## Data block
'''

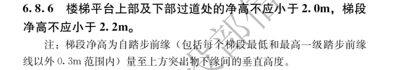 6.8.6 樓梯平臺(tái)上部及下部過道處的凈高不應(yīng)小于2.0m,梯段凈高不應(yīng)小于2. 2m。
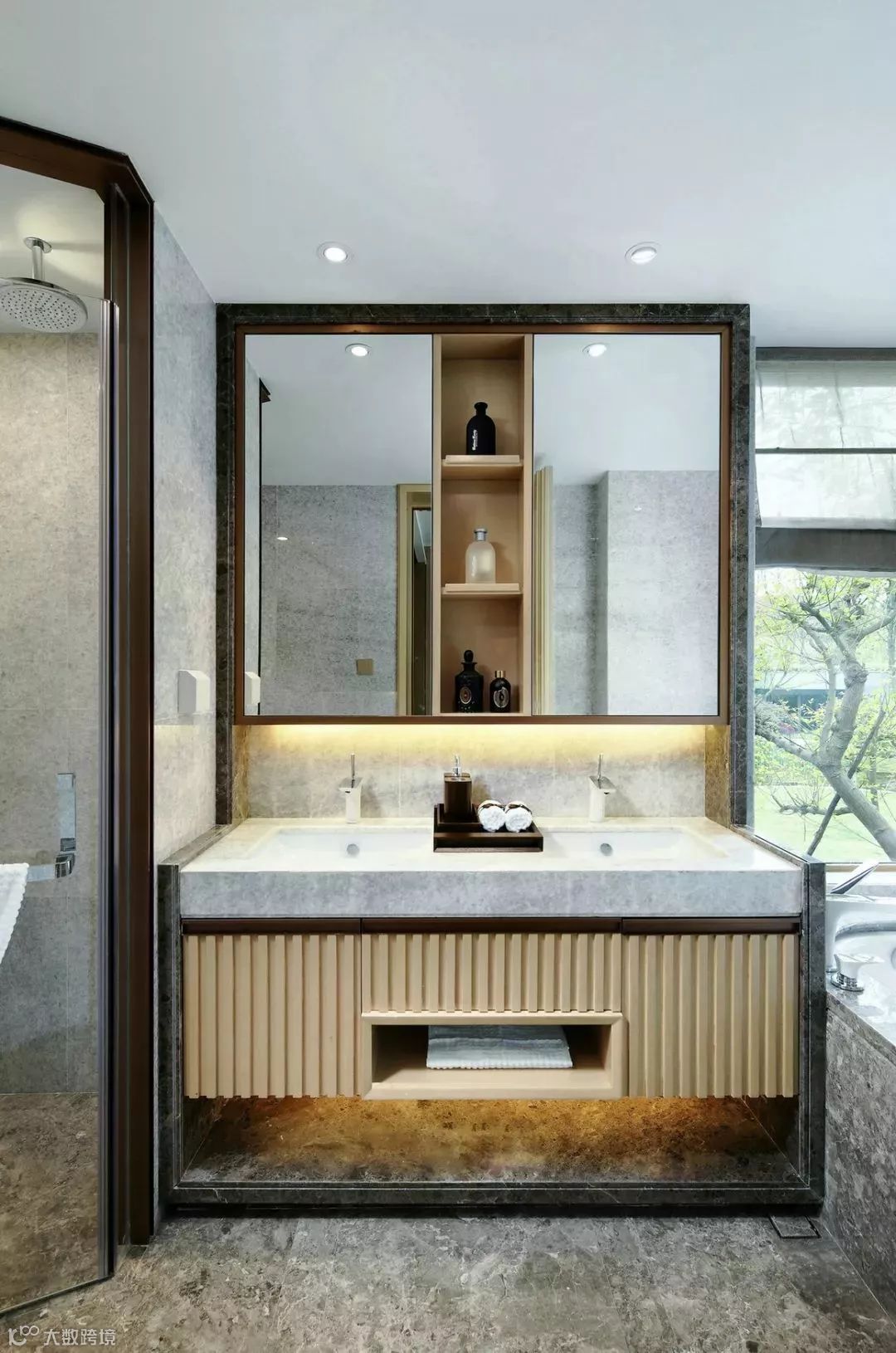 倚靠大自然礼赞的水色山林,以刚柔并陈的朴实家具和合理细致的功能区分,架构出以人为主、以环境为辅的生活场景。
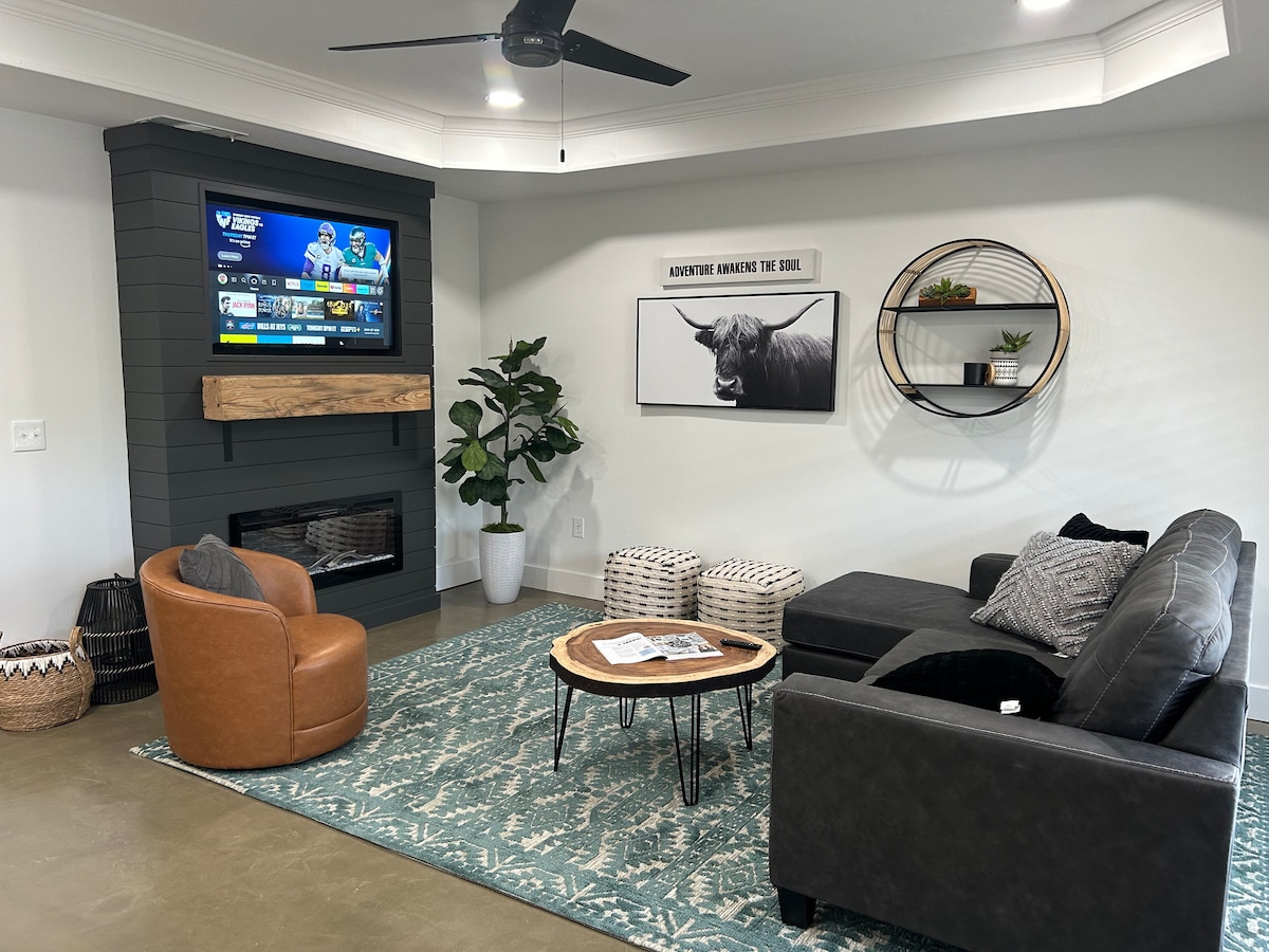 आओ और हमारे पूरी तरह से सुसज्जित Airbnb पर विलासिता और मस्ती का अनुभव करें! हमारी विशाल 3BR 2BA संपत्ति आराम से 9 मेहमानों को अपने राजा, रानी, चारपाई और ट्रंडल बेड के साथ मेमोरी फोम गद्दे के साथ समायोजित कर सकती है। 4500 गेम आर्केड, फ़ूसबॉल, एयर हॉकी, शफ़लबोर्ड और बहुत कुछ के साथ हमारे गेम रूम में अंतहीन मनोरंजन में खुद को विसर्जित करें। पूरी तरह से सुसज्जित रसोई और आउटडोर गैस ग्रिल सुविधाजनक खाना पकाने और भोजन के लिए अनुमति देते हैं। अभी बुक करें और दोस्तों और परिवार के साथ स्थायी यादें बनाएं!

'''

## Task instructions
Repeat the material exactly. Skip the images.

## Output for this task
 6.8.6 樓梯平臺(tái)上部及下部過道處的凈高不應(yīng)小于2.0m,梯段凈高不應(yīng)小于2. 2m。
 倚靠大自然礼赞的水色山林,以刚柔并陈的朴实家具和合理细致的功能区分,架构出以人为主、以环境为辅的生活场景。
 आओ और हमारे पूरी तरह से सुसज्जित Airbnb पर विलासिता और मस्ती का अनुभव करें! हमारी विशाल 3BR 2BA संपत्ति आराम से 9 मेहमानों को अपने राजा, रानी, चारपाई और ट्रंडल बेड के साथ मेमोरी फोम गद्दे के साथ समायोजित कर सकती है। 4500 गेम आर्केड, फ़ूसबॉल, एयर हॉकी, शफ़लबोर्ड और बहुत कुछ के साथ हमारे गेम रूम में अंतहीन मनोरंजन में खुद को विसर्जित करें। पूरी तरह से सुसज्जित रसोई और आउटडोर गैस ग्रिल सुविधाजनक खाना पकाने और भोजन के लिए अनुमति देते हैं। अभी बुक करें और दोस्तों और परिवार के साथ स्थायी यादें बनाएं!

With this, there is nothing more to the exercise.